• Description of the task
Leave out the pictures and retype, exactly, the lines below from the line with "Uncut sheet - Spectrum" up to and including the line with "Luxury resort style", nothing more.
:: Stored data ::
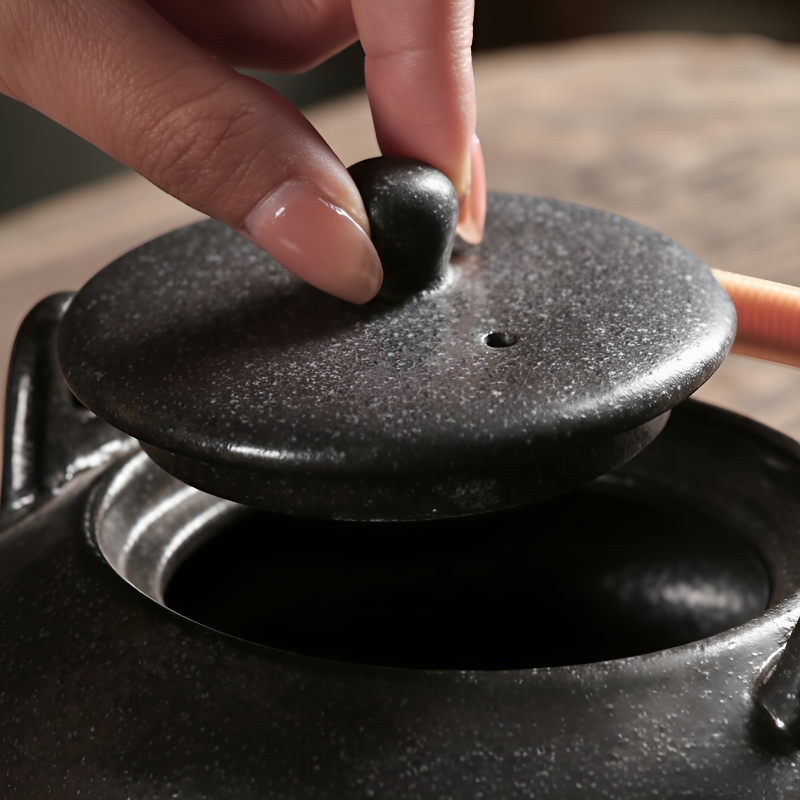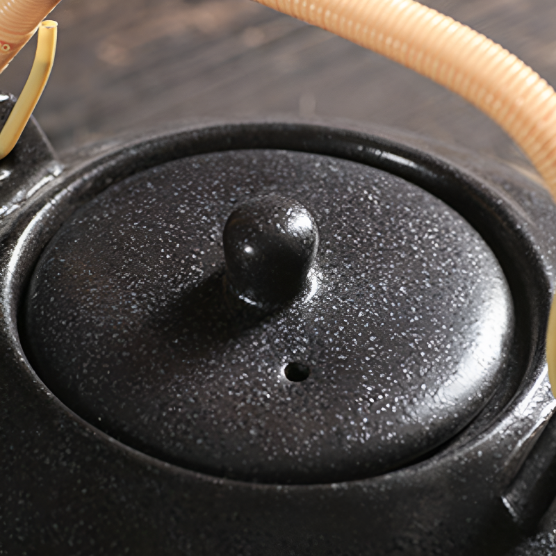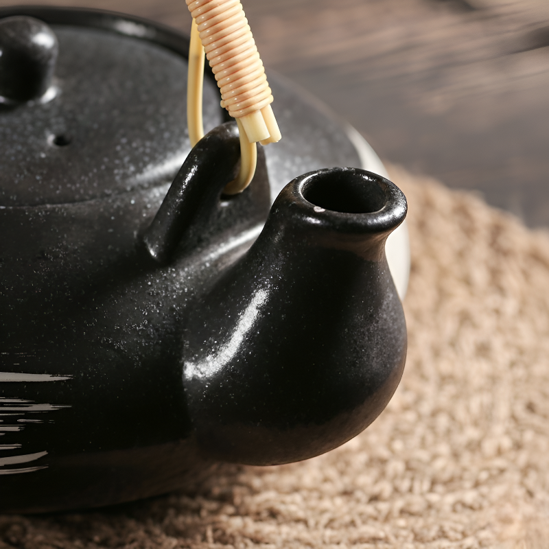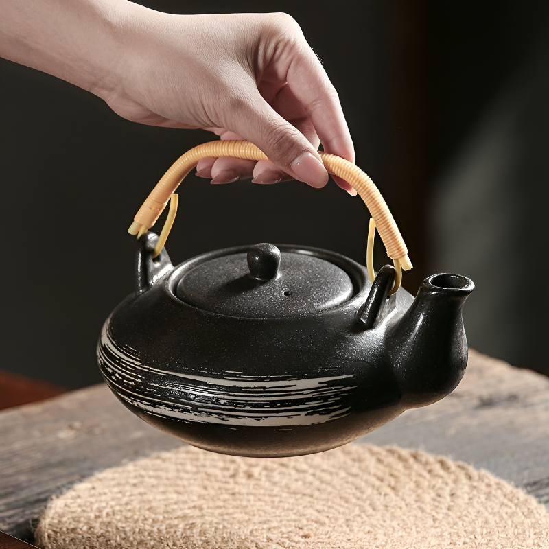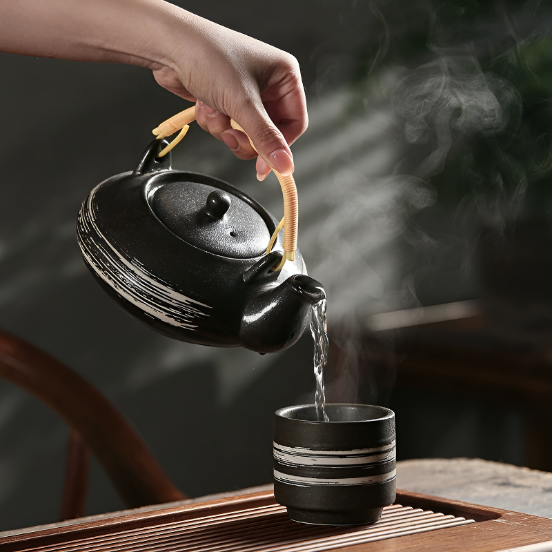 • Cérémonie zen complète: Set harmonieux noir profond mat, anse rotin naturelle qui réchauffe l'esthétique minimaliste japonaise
:::
:: Stored data ::
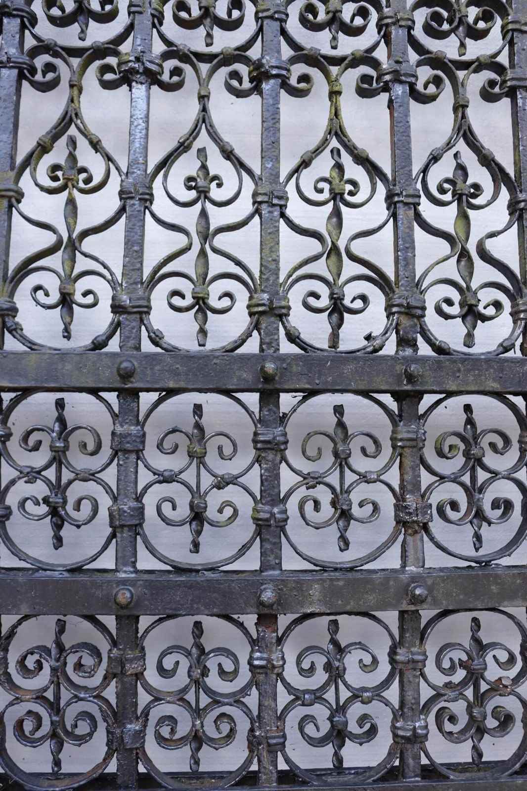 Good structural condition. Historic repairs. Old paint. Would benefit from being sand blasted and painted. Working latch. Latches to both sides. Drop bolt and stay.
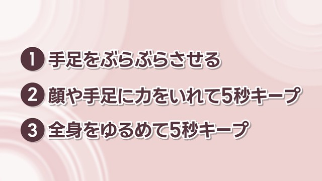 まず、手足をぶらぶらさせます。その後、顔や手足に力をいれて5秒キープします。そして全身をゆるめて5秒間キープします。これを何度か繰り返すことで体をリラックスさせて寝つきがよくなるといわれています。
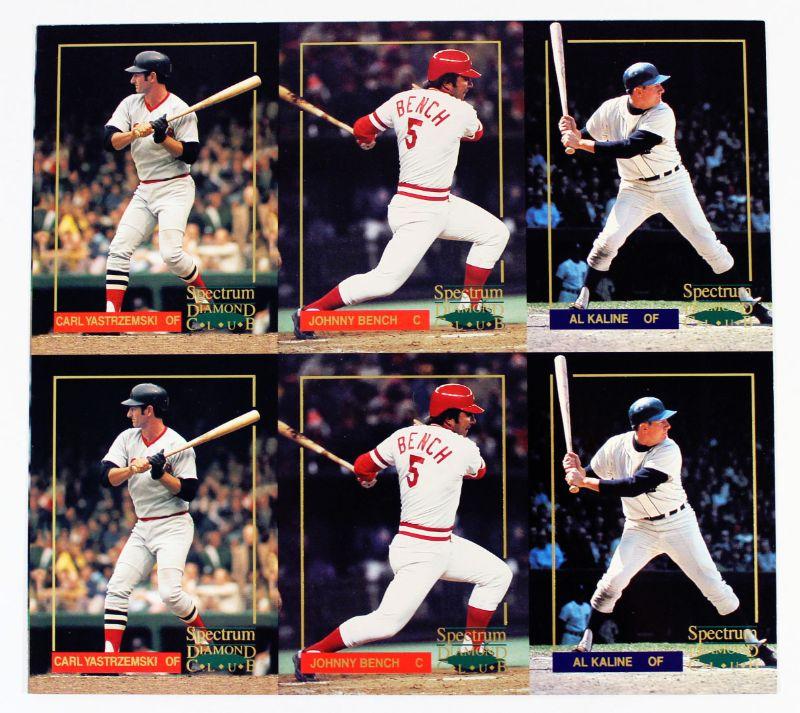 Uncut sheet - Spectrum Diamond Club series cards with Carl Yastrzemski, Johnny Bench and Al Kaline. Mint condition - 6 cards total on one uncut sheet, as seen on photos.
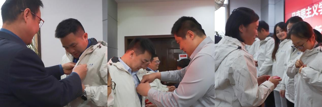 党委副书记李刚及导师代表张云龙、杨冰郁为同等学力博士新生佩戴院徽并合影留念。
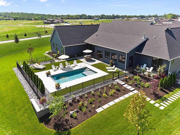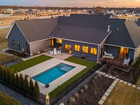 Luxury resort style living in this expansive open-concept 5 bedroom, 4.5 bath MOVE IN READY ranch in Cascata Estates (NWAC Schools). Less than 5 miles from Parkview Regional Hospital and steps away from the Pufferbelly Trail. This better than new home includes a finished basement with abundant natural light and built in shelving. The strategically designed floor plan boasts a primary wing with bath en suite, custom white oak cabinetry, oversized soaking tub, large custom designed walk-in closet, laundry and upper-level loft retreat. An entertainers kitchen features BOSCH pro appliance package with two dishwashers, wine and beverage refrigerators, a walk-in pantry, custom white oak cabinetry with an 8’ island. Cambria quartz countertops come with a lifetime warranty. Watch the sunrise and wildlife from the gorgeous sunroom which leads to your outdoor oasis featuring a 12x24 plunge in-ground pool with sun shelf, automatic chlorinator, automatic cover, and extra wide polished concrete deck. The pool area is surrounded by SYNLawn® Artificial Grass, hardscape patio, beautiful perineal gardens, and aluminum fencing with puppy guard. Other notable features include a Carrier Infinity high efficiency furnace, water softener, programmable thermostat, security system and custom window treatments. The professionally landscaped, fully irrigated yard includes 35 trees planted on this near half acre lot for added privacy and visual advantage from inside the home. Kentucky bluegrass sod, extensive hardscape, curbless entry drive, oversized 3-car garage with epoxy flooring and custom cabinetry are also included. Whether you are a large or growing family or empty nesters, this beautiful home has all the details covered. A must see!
:::
• Written answer
 Uncut sheet - Spectrum Diamond Club series cards with Carl Yastrzemski, Johnny Bench and Al Kaline. Mint condition - 6 cards total on one uncut sheet, as seen on photos.
 党委副书记李刚及导师代表张云龙、杨冰郁为同等学力博士新生佩戴院徽并合影留念。
 Luxury resort style living in this expansive open-concept 5 bedroom, 4.5 bath MOVE IN READY ranch in Cascata Estates (NWAC Schools). Less than 5 miles from Parkview Regional Hospital and steps away from the Pufferbelly Trail. This better than new home includes a finished basement with abundant natural light and built in shelving. The strategically designed floor plan boasts a primary wing with bath en suite, custom white oak cabinetry, oversized soaking tub, large custom designed walk-in closet, laundry and upper-level loft retreat. An entertainers kitchen features BOSCH pro appliance package with two dishwashers, wine and beverage refrigerators, a walk-in pantry, custom white oak cabinetry with an 8’ island. Cambria quartz countertops come with a lifetime warranty. Watch the sunrise and wildlife from the gorgeous sunroom which leads to your outdoor oasis featuring a 12x24 plunge in-ground pool with sun shelf, automatic chlorinator, automatic cover, and extra wide polished concrete deck. The pool area is surrounded by SYNLawn® Artificial Grass, hardscape patio, beautiful perineal gardens, and aluminum fencing with puppy guard. Other notable features include a Carrier Infinity high efficiency furnace, water softener, programmable thermostat, security system and custom window treatments. The professionally landscaped, fully irrigated yard includes 35 trees planted on this near half acre lot for added privacy and visual advantage from inside the home. Kentucky bluegrass sod, extensive hardscape, curbless entry drive, oversized 3-car garage with epoxy flooring and custom cabinetry are also included. Whether you are a large or growing family or empty nesters, this beautiful home has all the details covered. A must see!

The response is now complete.